Over the next few weeks, the unveiling of new budget forecasts,
as well as President Bush's budget proposal, will be followed by
predictable, sky-is-falling coverage of the "record budget
deficits" that threaten to force up interest rates and devastate
the economy. Many people will say that only tax increases can avert
Don't believe them.
America's debt burden is actually below the post-World War II average. In fact, it's lower than at any time during the high-flying 1990s.
The misunderstanding flows from the obsessive focus on the budget deficit, which is not the proper measure of the debt burden.
Here's why: Suppose a family borrows $5,000 this year. Are they carrying too much debt? Answering that question requires knowing how much debt the family is already carrying. If they owe $95,000 from previous borrowing, then the additional $5,000 is less affordable than if the family had no prior debt.
It also requires knowing the family's income. A debt of $100,000 is easily manageable for Bill Gates, but not for many lower-income families.
The proper way to measure the impact of borrowing is to consider the total debt as a percentage of income. Banks use this "debt ratio" to determine how large of a loan families and business can afford.
The same common sense applies to measuring the federal government's finances. Last year's $413 billion budget deficit says no more about Washington's debt burden than the $5,000 loan says about a family's debt burden.
A better measure is the federal government's debt ratio, calculated as the total federal publicly held debt as a percentage of America's annual income (the gross domestic product).
The current debt ratio -- 38 percent -- is actually below the post-World War II average of 43 percent. America's debt burden is low by historical standards.
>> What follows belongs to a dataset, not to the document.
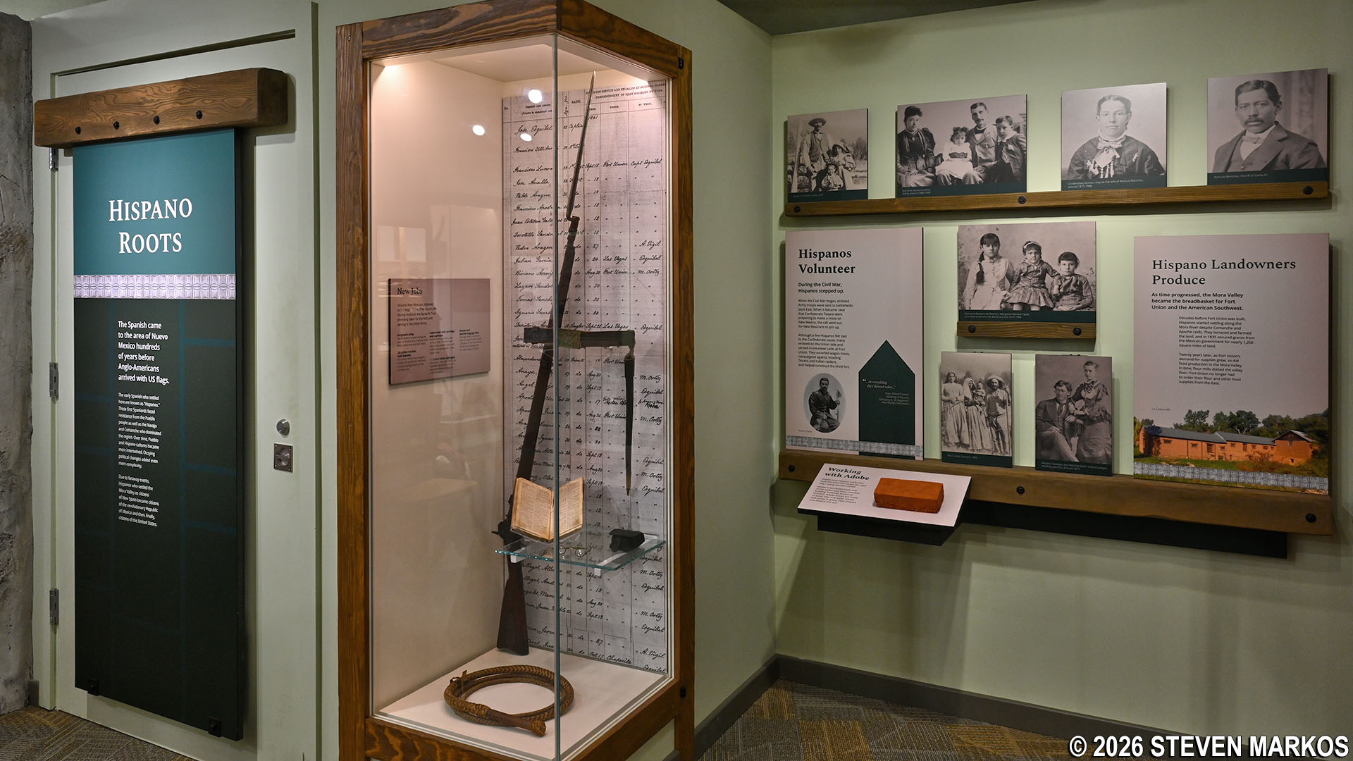 Before American settlers moved into the region, many local residents were descendants of the early Spanish who had arrived after New Spain was established in the 1500s. Known as Hispanos, they lived on and farmed the land in the Mora River Valley decades before Fort Union was built. A group of exhibits focuses on the role the Hispanos had at the fort, from volunteering for military service in the Union army during the Civil War to working on the farms used to supply Fort Union with food. A Spanish language bible carried by one of the Hispano soldiers and an enlarged facsimile of a roster with names of some of the volunteers are part of the exhibits.

Heavy borrowing during World War II pushed the debt ratio up from 40 percent to 109 percent. Since then, it has typically ranged between 25 percent and 50 percent.
The plummeting post-war debt ratio is no mystery: Economic growth has dwarfed the amount of new debt. Since 1946, inflation-adjusted federal debt has grown by 84 percent, while the economy has surged 429 percent. Just like a family with rising income can afford to buy a more expensive home and take on more mortgage debt, the growing American economy has been able to easily absorb its modest new debt.
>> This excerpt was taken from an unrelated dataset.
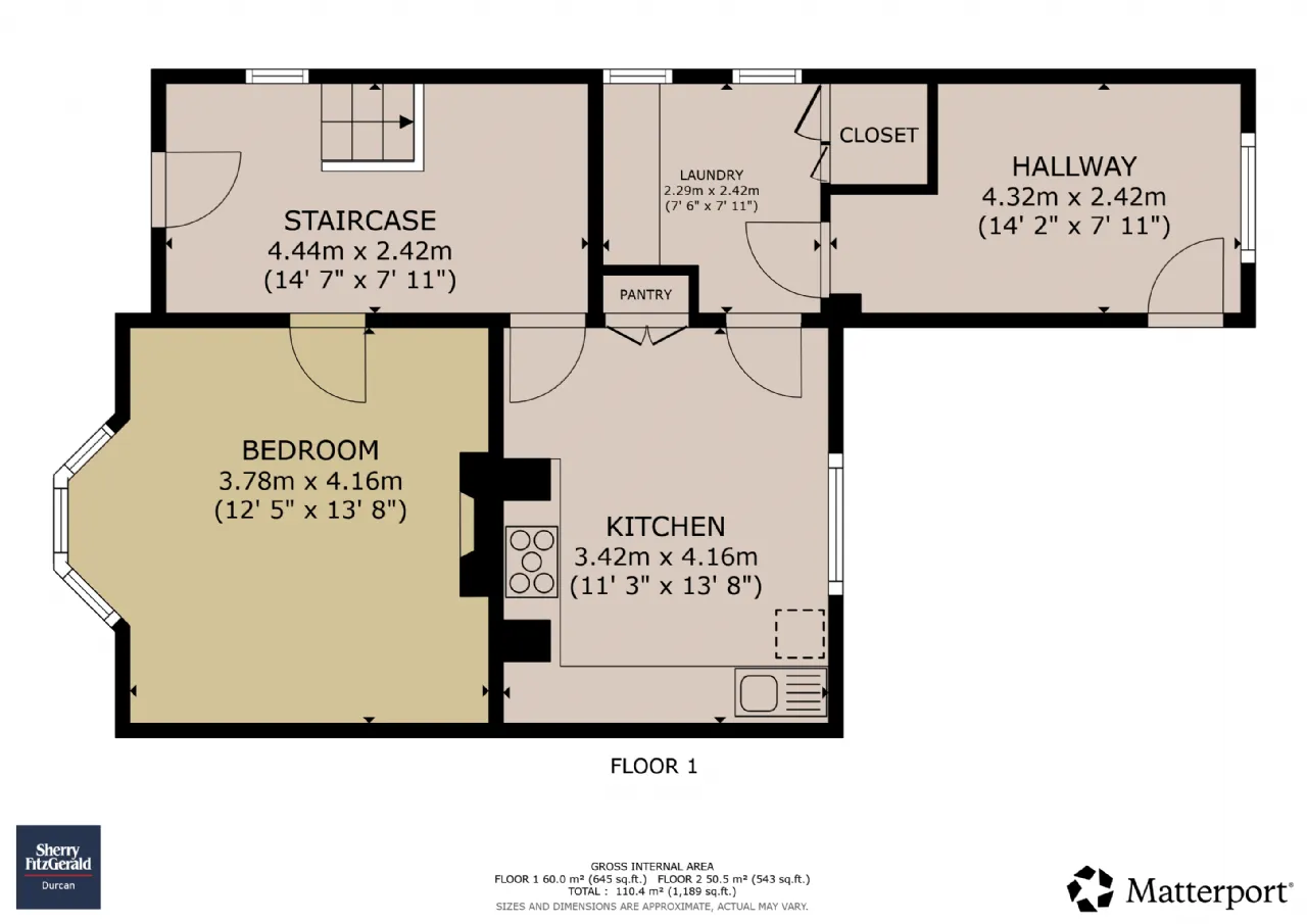 Utility Room 2.29m x 2.42m Located just off the kitchen with large counter space and hotpress.

This is especially true since 1994, a period in which the economy has grown six times as fast as the federal debt. This kept the 2004 debt ratio lower than it was at any point in the 1990s. So it's not surprising that recent budget deficits haven't raised interest rates or devastated the economy.
Even an increasing debt ratio may not significantly raise interest rates. Theoretically, government borrowing raises interest rates because it leaves less money for individuals and businesses to borrow, which in turn forces up the price of money (the interest rate). However, Americans are no longer limited to borrowing from America's savings pool. They can access a global financial system that is so large and integrated -- trillions of dollars move around the globe each day -- that it can easily absorb the federal government's borrowing without triggering a substantial increase in interest rates.
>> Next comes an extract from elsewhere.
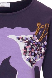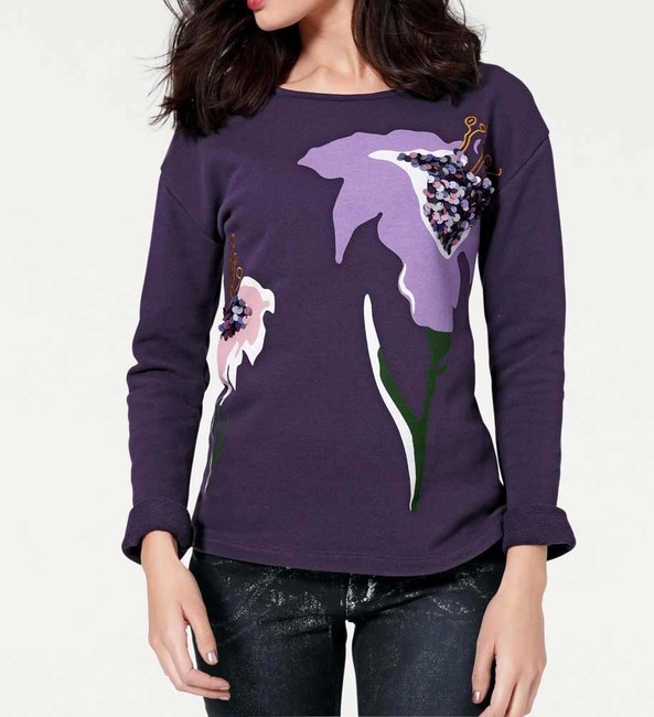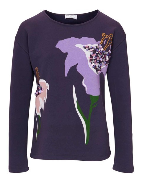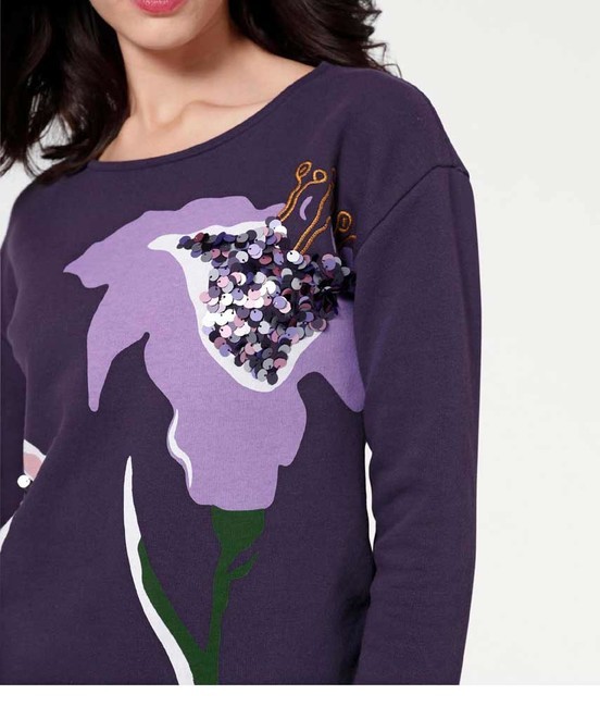 Mikina v trendovej fialovej farbe má jasný magický štýl. S módnou potlačou, vyšívanými prvkami a tónovými flitrami. dĺžka cca 60 cm pohodlná kvalita džersej 65% bavlny (s bavlnou z Afriky) / 35% polyester

Harvard economist Robert Barro studied 12 industrialized economies and found that for interest rates to rise by 1 percent, the debt ratio would need to increase by 10 percentage points in each of the 12 countries. And even those small movements are usually overwhelmed by larger trends affecting real interest rates, such as economic growth and expectations of future inflation.
This isn't to say federal debt is harmless. Interest costs taxpayers approximately $160 billion annually. Like anyone else, government should borrow only when the benefits outweigh the cost.
To the extent that federal debt is burdensome, it is a spending problem. Federal revenues have grown substantially over the years, yet lawmakers haven't shown the fiscal responsibility necessary to control spending.
The best way to reduce the debt burden over time, though, is to streamline wasteful federal spending. Specifically, reforming Social Security and Medicare can save trillions of dollars that would otherwise drive the debt ratio to painful levels.
By contrast, raising taxes wouldn't reduce the debt burden at all. Although the debt may shrink, tax increases would likely reduce long-term economic growth even more, leaving the debt ratio no better.
Rather than obsess over annual budget deficits, lawmakers should focus on reducing the debt ratio by streamlining spending and enacting pro-growth tax policies that can keep America's debt affordable.
Brian Riedl is Grover M. Hermann Fellow in Federal Budgetary Affairs in the Thomas A. Roe Institute for Economic Policy Studies at The Heritage Foundation.